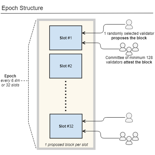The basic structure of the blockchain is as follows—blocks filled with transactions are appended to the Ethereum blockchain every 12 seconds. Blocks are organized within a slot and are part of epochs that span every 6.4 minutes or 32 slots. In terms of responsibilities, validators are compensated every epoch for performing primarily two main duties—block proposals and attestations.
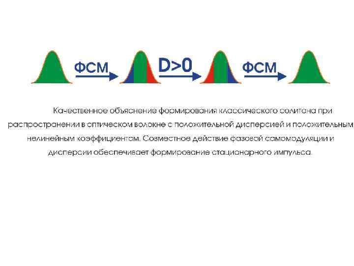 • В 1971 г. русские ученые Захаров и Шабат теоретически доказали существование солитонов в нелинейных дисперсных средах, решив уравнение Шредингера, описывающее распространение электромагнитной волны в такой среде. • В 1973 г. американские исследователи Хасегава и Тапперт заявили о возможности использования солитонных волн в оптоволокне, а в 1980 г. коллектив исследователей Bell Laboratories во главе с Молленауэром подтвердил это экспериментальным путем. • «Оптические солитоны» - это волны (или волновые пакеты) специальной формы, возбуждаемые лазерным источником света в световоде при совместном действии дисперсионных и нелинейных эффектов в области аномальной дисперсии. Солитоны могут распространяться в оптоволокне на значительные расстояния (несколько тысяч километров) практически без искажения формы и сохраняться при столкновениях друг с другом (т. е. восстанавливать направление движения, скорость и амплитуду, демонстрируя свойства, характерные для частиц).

--

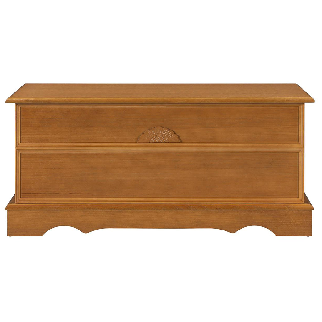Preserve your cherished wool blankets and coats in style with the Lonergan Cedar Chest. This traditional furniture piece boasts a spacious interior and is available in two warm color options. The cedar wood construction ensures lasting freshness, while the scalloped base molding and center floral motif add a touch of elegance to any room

> _Task_
Copy exactly the lines of the entries above from the one containing "The basic structure" through the one containing "характерные для частиц).". Both end lines count; pictures do not.

> _Result of the task_
The basic structure of the blockchain is as follows—blocks filled with transactions are appended to the Ethereum blockchain every 12 seconds. Blocks are organized within a slot and are part of epochs that span every 6.4 minutes or 32 slots. In terms of responsibilities, validators are compensated every epoch for performing primarily two main duties—block proposals and attestations.
 • В 1971 г. русские ученые Захаров и Шабат теоретически доказали существование солитонов в нелинейных дисперсных средах, решив уравнение Шредингера, описывающее распространение электромагнитной волны в такой среде. • В 1973 г. американские исследователи Хасегава и Тапперт заявили о возможности использования солитонных волн в оптоволокне, а в 1980 г. коллектив исследователей Bell Laboratories во главе с Молленауэром подтвердил это экспериментальным путем. • «Оптические солитоны» - это волны (или волновые пакеты) специальной формы, возбуждаемые лазерным источником света в световоде при совместном действии дисперсионных и нелинейных эффектов в области аномальной дисперсии. Солитоны могут распространяться в оптоволокне на значительные расстояния (несколько тысяч километров) практически без искажения формы и сохраняться при столкновениях друг с другом (т. е. восстанавливать направление движения, скорость и амплитуду, демонстрируя свойства, характерные для частиц).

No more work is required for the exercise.